Carmo Tavares

Personal information
- Full name: María do Carmo Sánchez Tavares de Miranda
- Nationality: Portugal
- Born: 27 April 1974 (age 52) Lisbon, Portugal
- Height: 1.65 m (5 ft 5 in)
- Weight: 55 kg (121 lb)

Sport
- Sport: Athletics
- Event: Middle-distance running

Achievements and titles
- Personal best: 800 m: 2:01.14 (2008)

= Carmo Tavares =

Portuguese middle-distance runner

María do Carmo Sánchez Tavares de Miranda (born 27 April 1974 in Lisbon) is a Portuguese middle-distance runner, who specialized in the 800 metres.
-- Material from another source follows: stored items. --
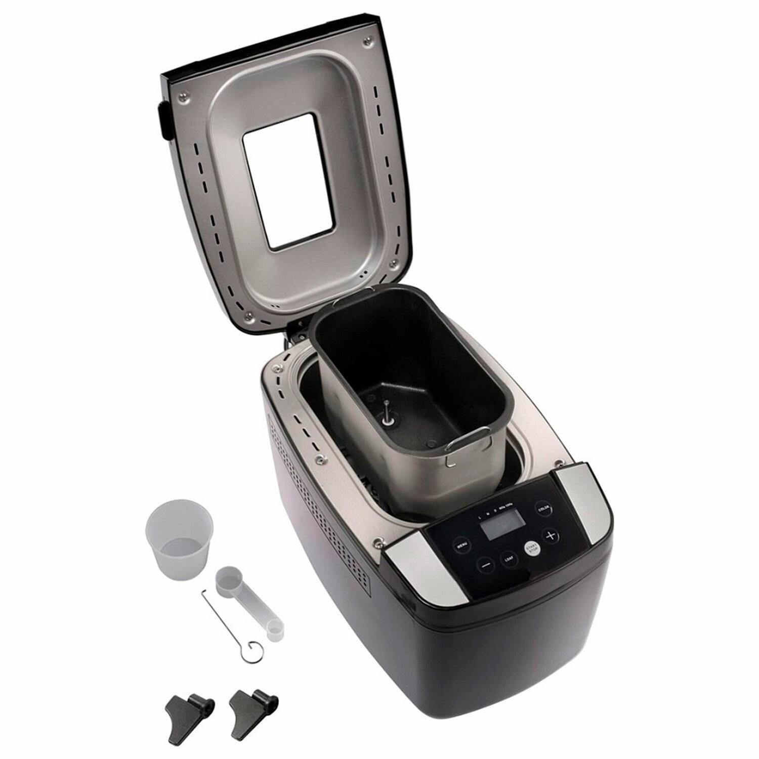 При внезапном отключении электроэнергии память устройства сохраняет программу в течение 10 минут. Если питание выключат ненадолго, вы сразу же можете вернуться к готовке. Предусмотрено автоматическое отключение (если прибор долго не используется). На основании установлены прорезиненные ножки. Устройство устойчиво располагается на любых (даже гладких) столешницах. В комплект входят форма с антипригарным покрытием, мерный стакан, мерная ложка, два тестомешателя и книга рецептов. Длина сетевого кабеля – 1,2 м. Вы легко подключите устройство к любой розетке.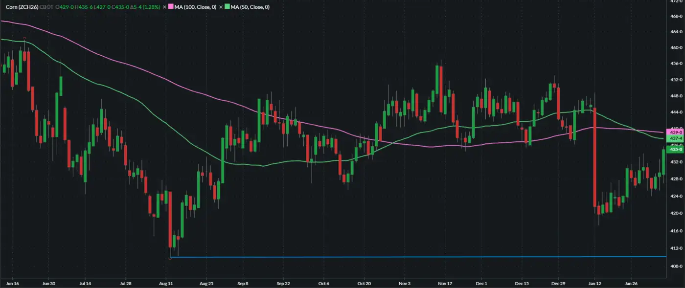- Corn followed along and new crop corn closed above $4.60, its first time since the day before the January WASDE report.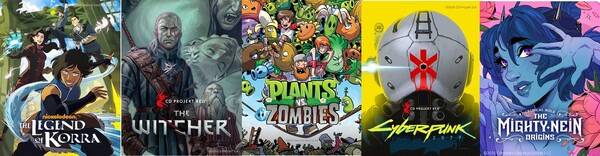 미국 전통 만화 출판사 '다크 호스(Dark Horse)'는 자사 지식재산권(IP) 5종을 네이버웹툰 영어 플랫폼 웹툰에 세로 스크롤 웹툰 형식으로 재구성해 선보일 예정이다. △위쳐 △코라의 전설 △크리티컬 롤 △플랜츠 vs. 좀비 △사이버펑크 2077 등이다. 또 다른 미국 출판사 IDW 퍼블리싱은 올해 4월 △고질라 △소닉 더 헤지혹 등 대표작을 네이버웹툰과 손잡고 웹툰 형식으로 전환하는 프로젝트를 시작해 디지털 전환 행보에 동참했다. 콘텐츠 제작사 마블도 자사 애플리케이션에서 세로 스크롤 웹툰 시리즈를 연재해 형식 다변화에 나섰다.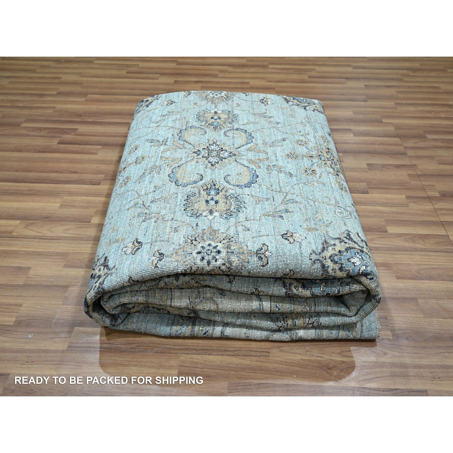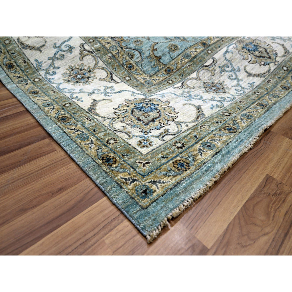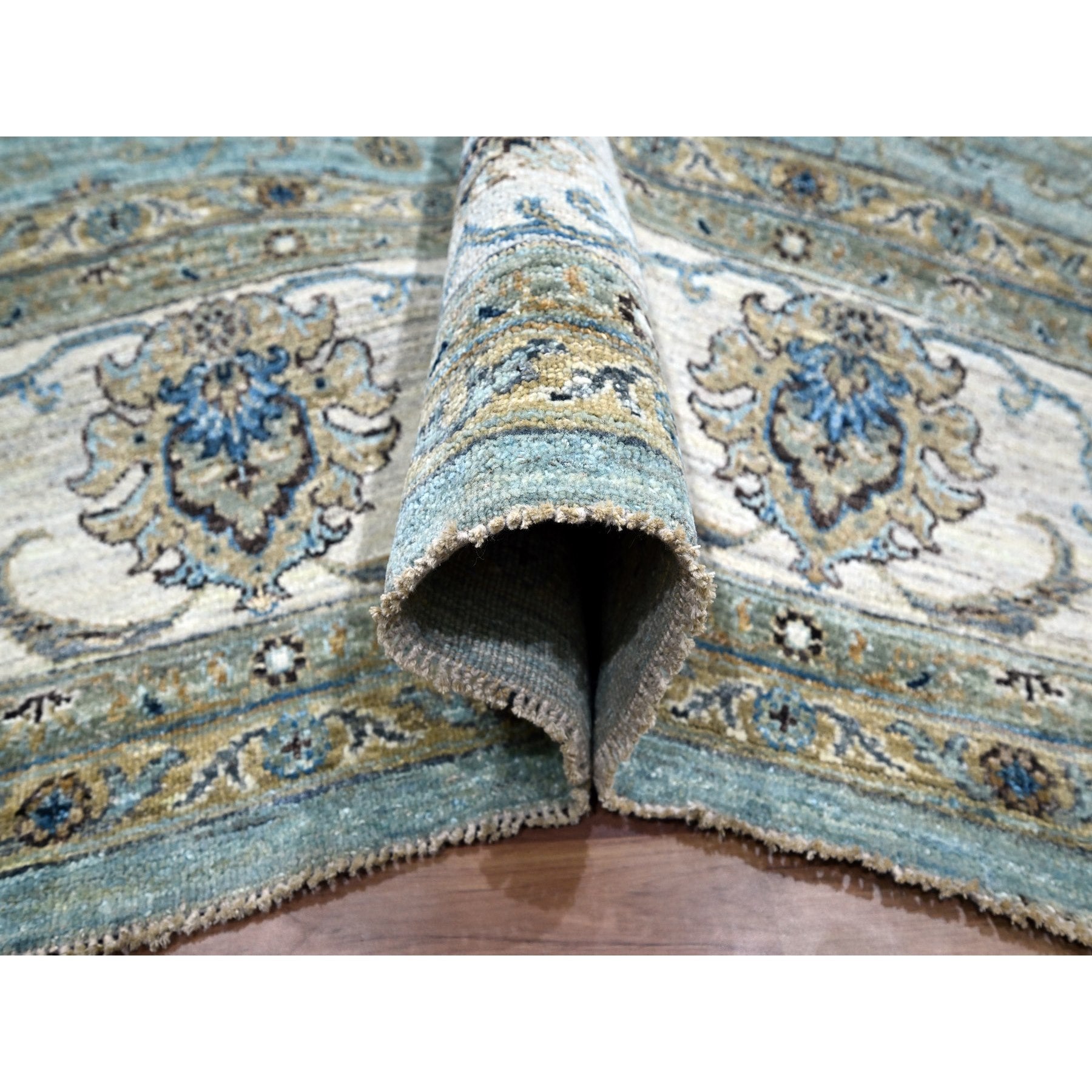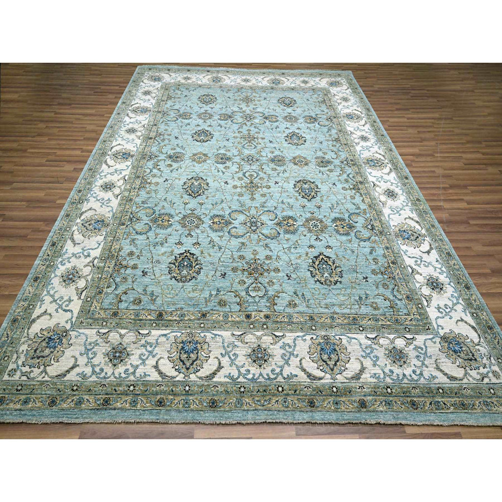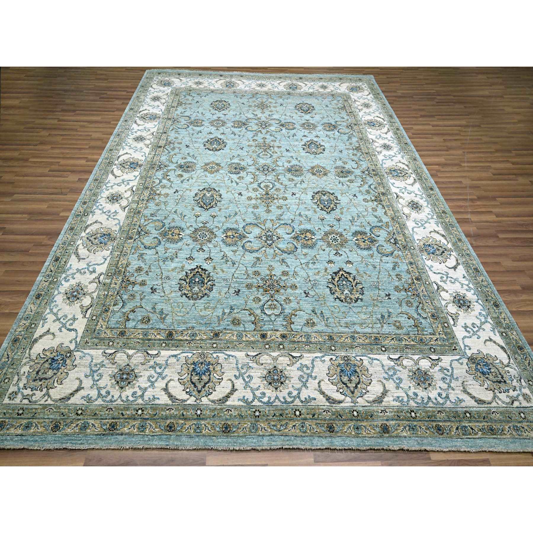 9'1"x12' Sapphire Blue, Hand Knotted, Agra, Shah Abbas Flower Vines Design, Natural Dyes, Pure Wool, Denser Weave, Oriental Rug FWR456792

At age thirty-four, Tavares made her official debut for the 2008 Summer Olympics in Beijing, where she competed in the women's 800 metres. She ran in the sixth and final heat against six other athletes, including Kenya's Janeth Jepkosgei Busienei, who eventually won the silver medal in the final. She finished the race in sixth place by more than a second behind Italy's Elisa Cusma Piccione, with a time of 2:01.91. Tavares, however, failed to advance into the semi-finals, as she placed twenty-first overall, and was ranked farther below three mandatory slots for the next round.